At the heart of managing the change which is occurring in the industry, Dr Byrne believes, is communication – something which he believes is at the heart of the work being done both in the firms the report uses as case studies, and across the industry more generally.

He said: “Communication is key as the food industry and supply chain adapt and changes to the sustainability goal.

“Producers and processors are increasingly listening to consumer’s concerns, and to a large degree it’s a two-way process as change takes time.

“The industry is dealing with hugely complex supply chains but change is happening, and as processes are revisited, redesigned and plants redeveloped, we will see greater change and faster change and positive impacts.”

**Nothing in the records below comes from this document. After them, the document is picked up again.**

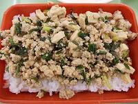 今日は、ニラそぼろ丼でしたオイスターソースの味付けで、豚肉の他に
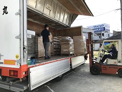 多種大量の資材倉庫の復旧には、在庫商品を一度移動させて倉庫内を清掃する必要がありました。一時的な移動保管先は、㈱オーザック、岡崎社長(同A地区)の計らいで鞆鉄鋼団地内の休業中の工場を確保。運搬は、G地区会長の㈱こんどう電器、近藤社長の紹介で㈱QLサービス、目黒社長(同E地区)が自らハンドルを握って運搬にあたりました。
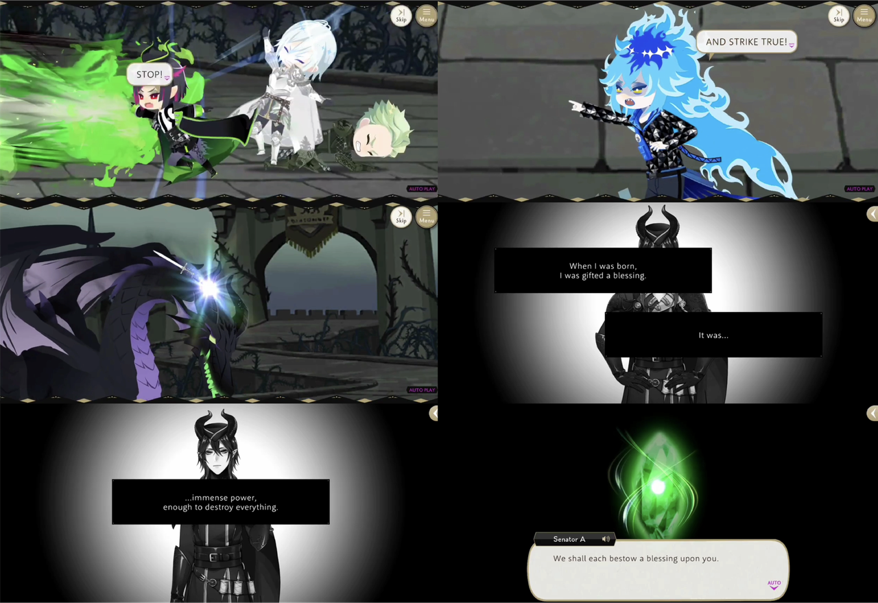 In a flashback we see that Malleus was given three blessings from the Briar Valley senate: the power to triumph over all, a voice that will make everyone submit to him, and time that never expires, and we see a scene of child-Malleus causing Lilia’s ears to bleed through his laughter.
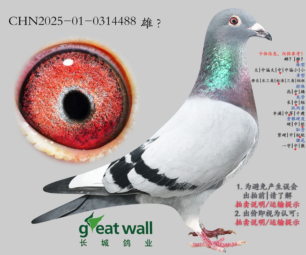 因拍卖鸽均是未做育过的种鸽或幼鸽,图内所标雌雄仅供参考,实际性别已实物为准。不做退换理由。

The report notes a series of challenges currently facing the UK’s food supply chain – including trade disruption, fluctuating energy prices, and the effects of climate change on the volatility of food production.

It also notes the impact of innovations in robotics, automation and technology – something which Dr Byrne believes can have a positive impact on the supply chain, if considered in a holistic manner.

He added: “Adopting technology is a big undertaking. The key is to look at the whole supply chain, not just individual elements, as changes to one part may have a negative impact further down the chain.

“So it’s very much about learning from each other and working together as product ranges change and technology is bought in.

“The adoption of tech can bring huge benefits, especially in reducing wastage and the market is maturing now, with some key tried and tested technology available – easily adopted and adapted to different sectors.”

UK firms looking to cut carbon emissions and carbon footprints are offered a range of ten key suggestions in the report, and while Dr Byrne stressed each industry across the sector may have different priorities, he notes: changes to water and energy may be a particular focus as the solutions they require can lead to positive – and measurable – changes.

He added: “Such activities can often be a demonstrable lever to encourage change in the supply chain – which requires more discussion, negotiation and dynamic interaction to ensure change is meaningful.”

Finally, Dr Byrne praised both case study businesses which the report drew upon.

He noted: “Both Bakkavor and Belton have demonstrated real commitment to change in two distinct food producing areas.

“Both have their own degree of complexity related to their scale of operation, and both have demonstrated that communication within the supply chain is essential to delivering change.

“That communication is between suppliers – and also listening to consumers.

“What was most impressive is that they view it as an on-going process, addressing sustainability as part of the business, not as an add-on.

“They are clearly demonstrating positive environmental change in both process change and management, and most importantly, communicating with the supply chain and end user.”